- [REQUIRED ACTION]: Leave the pictures out, and transcribe the material below exactly from the line with "Suéter de cuello" to the line with "89 Wood Swivel", both lines included.

- [RECORDS]:
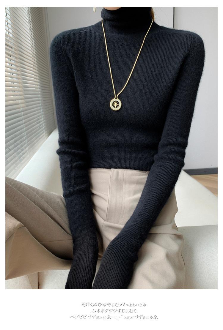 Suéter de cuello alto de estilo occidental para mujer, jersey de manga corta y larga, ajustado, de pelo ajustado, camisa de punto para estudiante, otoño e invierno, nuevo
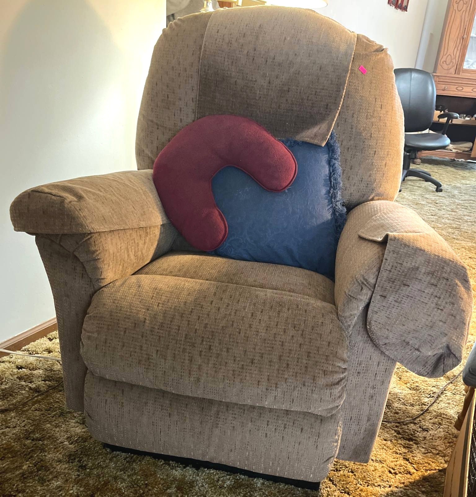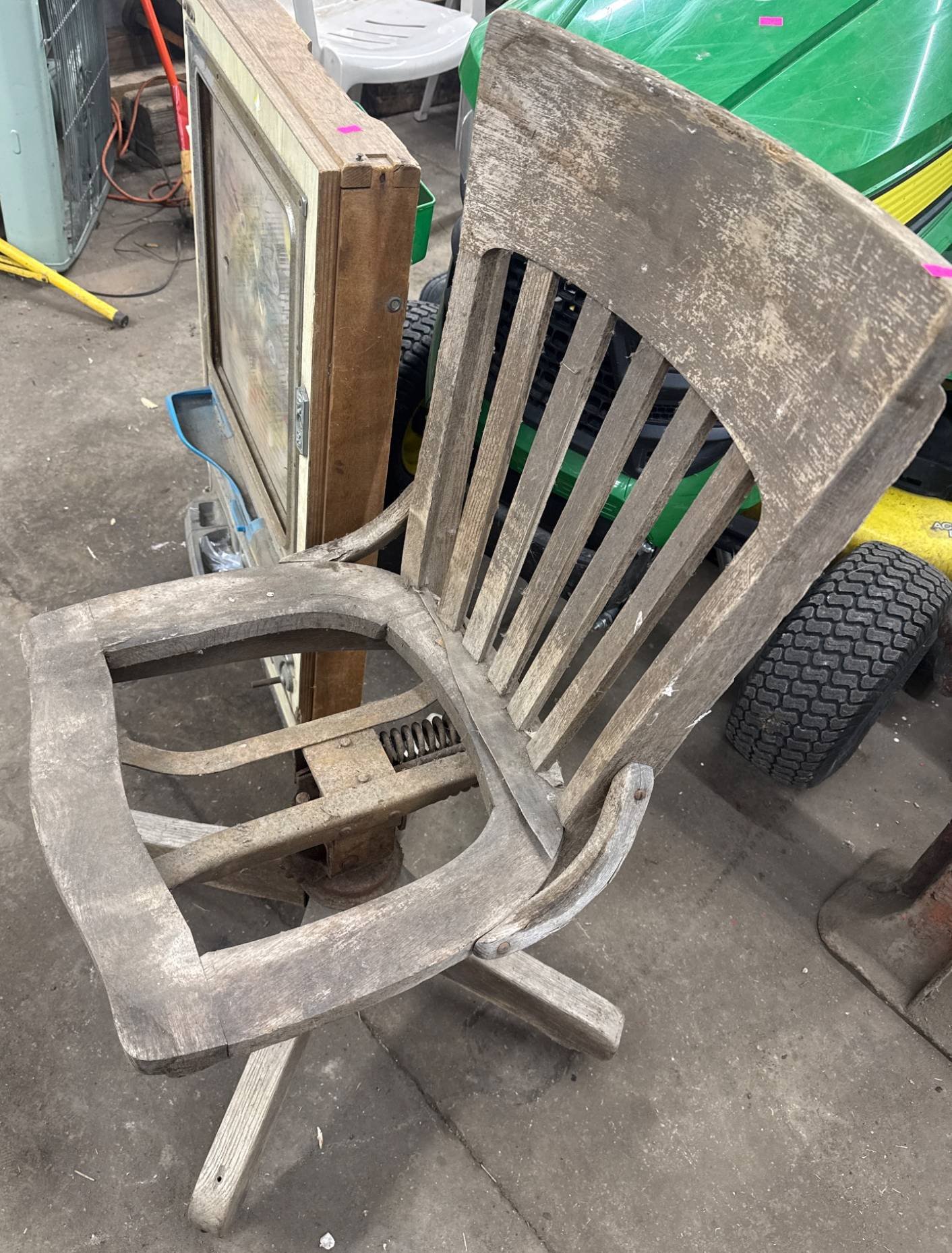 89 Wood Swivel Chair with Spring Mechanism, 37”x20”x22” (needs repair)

==

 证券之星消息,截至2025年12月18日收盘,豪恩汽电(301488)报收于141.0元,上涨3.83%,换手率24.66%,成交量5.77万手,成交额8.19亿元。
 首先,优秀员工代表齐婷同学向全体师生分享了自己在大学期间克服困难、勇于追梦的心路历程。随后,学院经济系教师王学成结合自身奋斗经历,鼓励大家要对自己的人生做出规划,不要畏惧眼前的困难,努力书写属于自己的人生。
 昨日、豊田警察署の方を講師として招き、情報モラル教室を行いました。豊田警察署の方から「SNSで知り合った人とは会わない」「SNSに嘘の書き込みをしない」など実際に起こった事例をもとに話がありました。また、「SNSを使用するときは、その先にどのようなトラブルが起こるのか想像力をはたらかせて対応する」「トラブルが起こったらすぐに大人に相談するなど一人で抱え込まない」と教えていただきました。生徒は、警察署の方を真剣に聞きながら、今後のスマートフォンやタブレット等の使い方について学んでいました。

- [OUTPUT FOR THIS TASK]:
 Suéter de cuello alto de estilo occidental para mujer, jersey de manga corta y larga, ajustado, de pelo ajustado, camisa de punto para estudiante, otoño e invierno, nuevo
 89 Wood Swivel Chair with Spring Mechanism, 37”x20”x22” (needs repair)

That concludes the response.